▸ **Information provided**

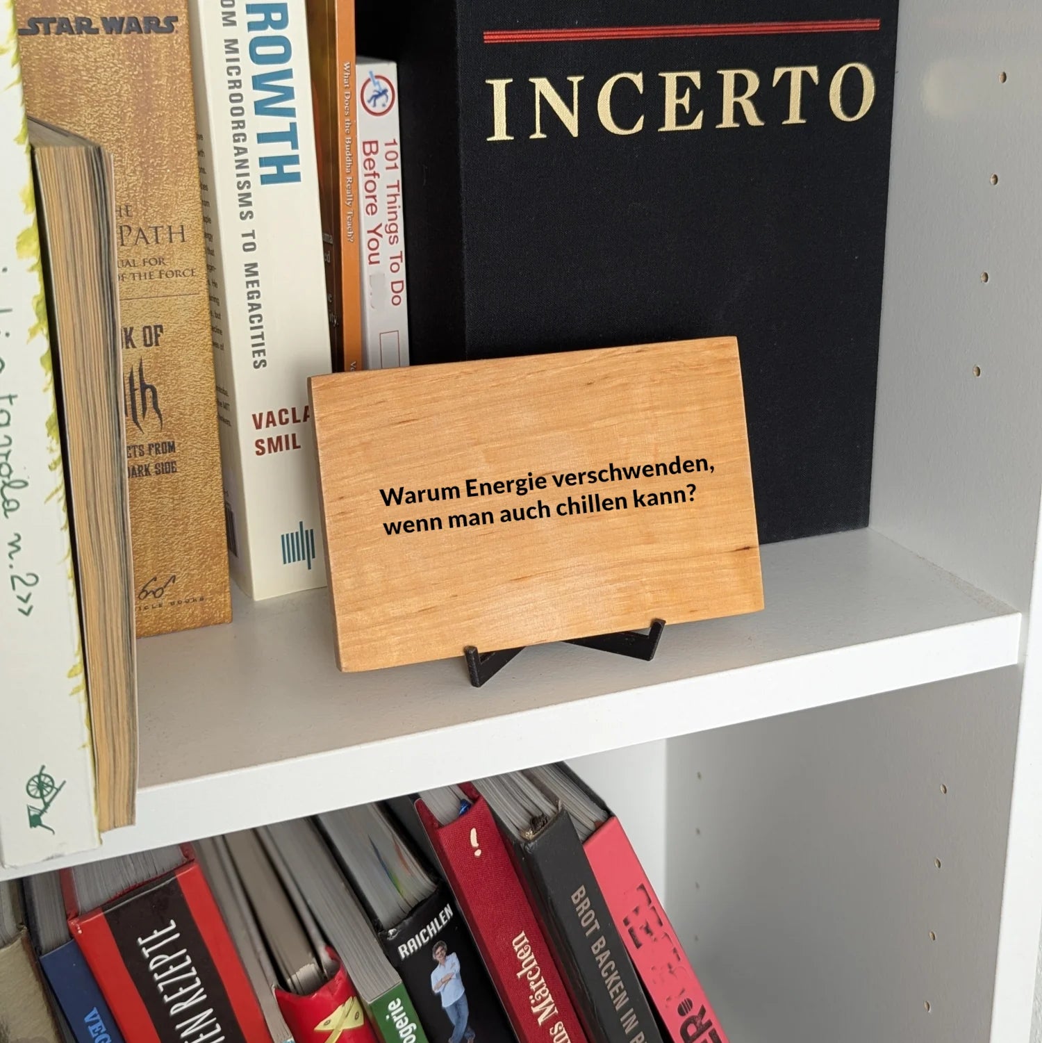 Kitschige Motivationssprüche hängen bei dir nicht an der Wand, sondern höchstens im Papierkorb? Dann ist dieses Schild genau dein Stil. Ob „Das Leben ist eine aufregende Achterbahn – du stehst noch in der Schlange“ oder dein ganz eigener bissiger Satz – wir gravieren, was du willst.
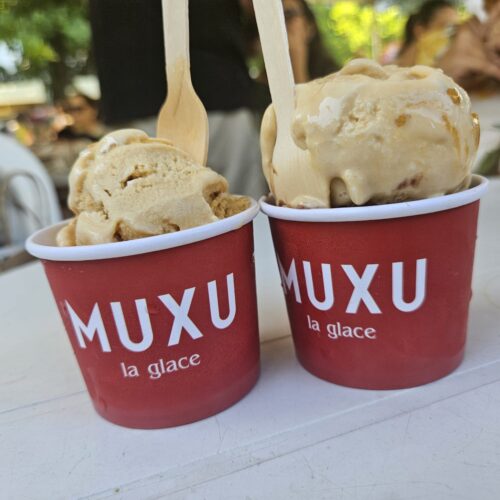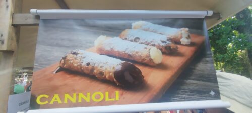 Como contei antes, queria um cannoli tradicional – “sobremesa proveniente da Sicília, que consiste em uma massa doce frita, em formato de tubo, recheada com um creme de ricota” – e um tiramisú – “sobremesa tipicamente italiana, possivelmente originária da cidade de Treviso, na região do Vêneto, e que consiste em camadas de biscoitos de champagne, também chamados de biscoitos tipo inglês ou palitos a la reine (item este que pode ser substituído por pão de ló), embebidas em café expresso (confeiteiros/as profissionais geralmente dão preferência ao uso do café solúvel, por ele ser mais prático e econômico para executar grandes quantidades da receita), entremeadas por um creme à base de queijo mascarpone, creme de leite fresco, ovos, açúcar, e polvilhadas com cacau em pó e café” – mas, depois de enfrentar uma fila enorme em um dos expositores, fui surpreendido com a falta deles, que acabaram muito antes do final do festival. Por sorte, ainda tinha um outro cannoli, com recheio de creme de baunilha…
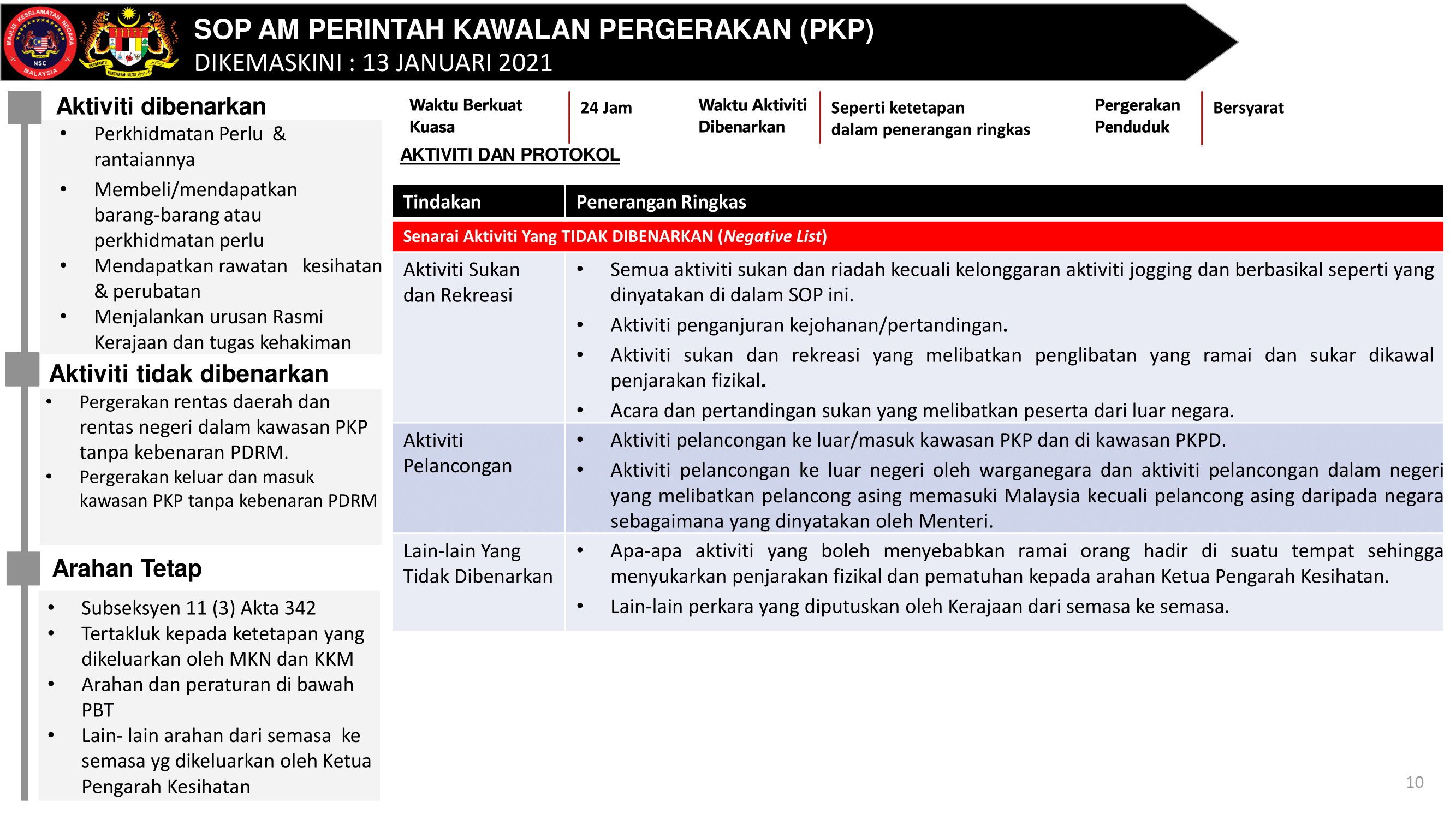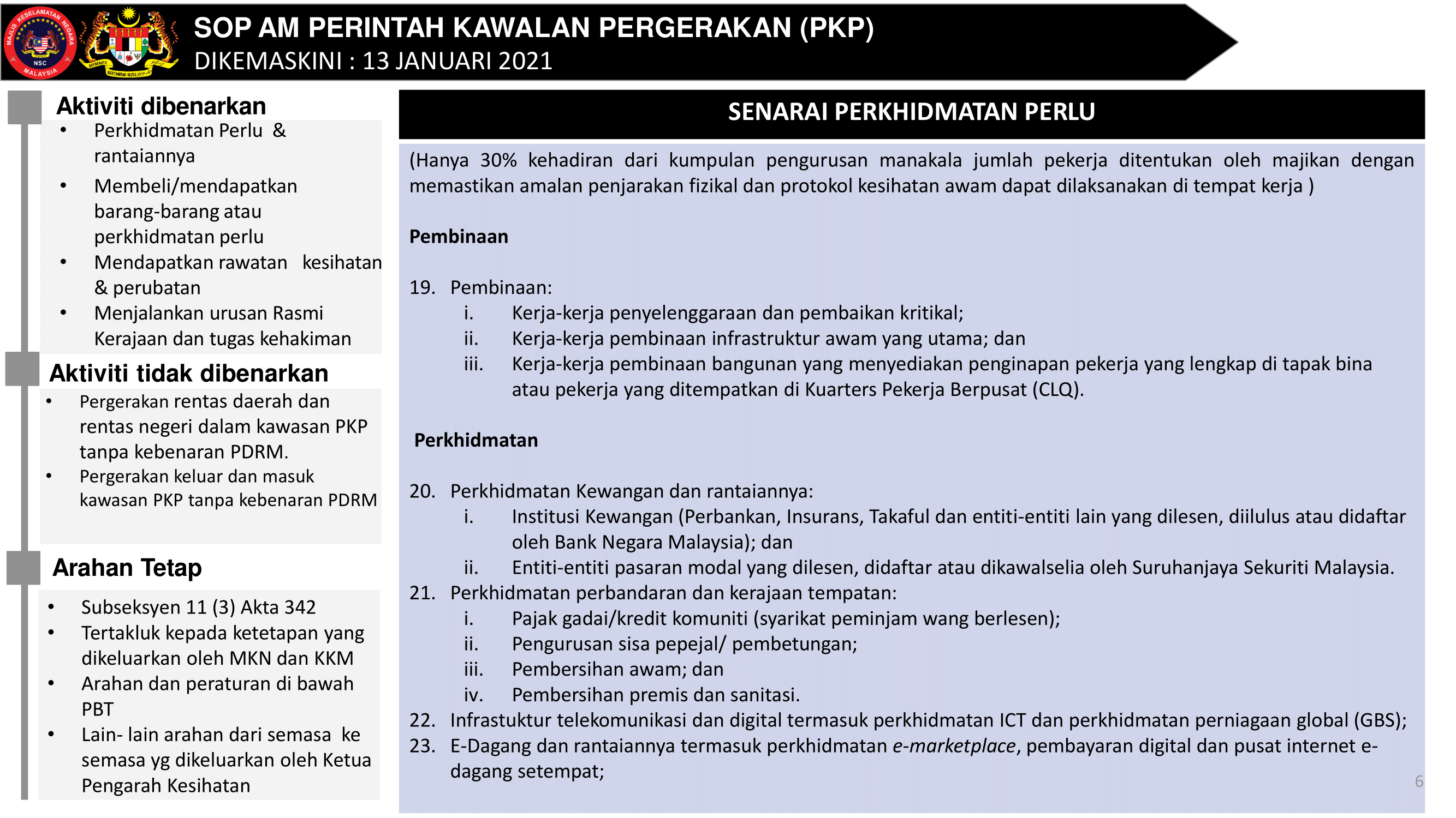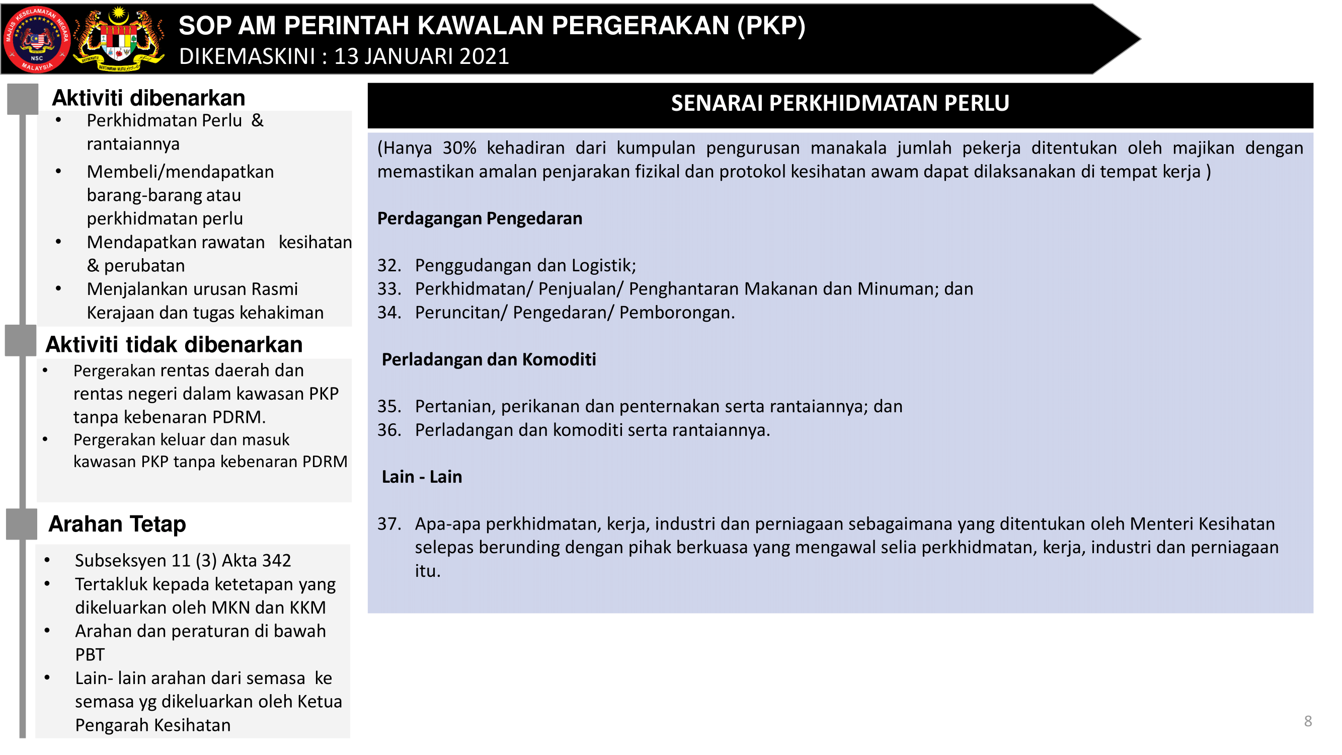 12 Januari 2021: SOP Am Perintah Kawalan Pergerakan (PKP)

▸ **Exercise directions**
Make an exact copy of the listing, with no images in it.

▸ **Output of the task**
 Kitschige Motivationssprüche hängen bei dir nicht an der Wand, sondern höchstens im Papierkorb? Dann ist dieses Schild genau dein Stil. Ob „Das Leben ist eine aufregende Achterbahn – du stehst noch in der Schlange“ oder dein ganz eigener bissiger Satz – wir gravieren, was du willst.
 Como contei antes, queria um cannoli tradicional – “sobremesa proveniente da Sicília, que consiste em uma massa doce frita, em formato de tubo, recheada com um creme de ricota” – e um tiramisú – “sobremesa tipicamente italiana, possivelmente originária da cidade de Treviso, na região do Vêneto, e que consiste em camadas de biscoitos de champagne, também chamados de biscoitos tipo inglês ou palitos a la reine (item este que pode ser substituído por pão de ló), embebidas em café expresso (confeiteiros/as profissionais geralmente dão preferência ao uso do café solúvel, por ele ser mais prático e econômico para executar grandes quantidades da receita), entremeadas por um creme à base de queijo mascarpone, creme de leite fresco, ovos, açúcar, e polvilhadas com cacau em pó e café” – mas, depois de enfrentar uma fila enorme em um dos expositores, fui surpreendido com a falta deles, que acabaram muito antes do final do festival. Por sorte, ainda tinha um outro cannoli, com recheio de creme de baunilha…
 12 Januari 2021: SOP Am Perintah Kawalan Pergerakan (PKP)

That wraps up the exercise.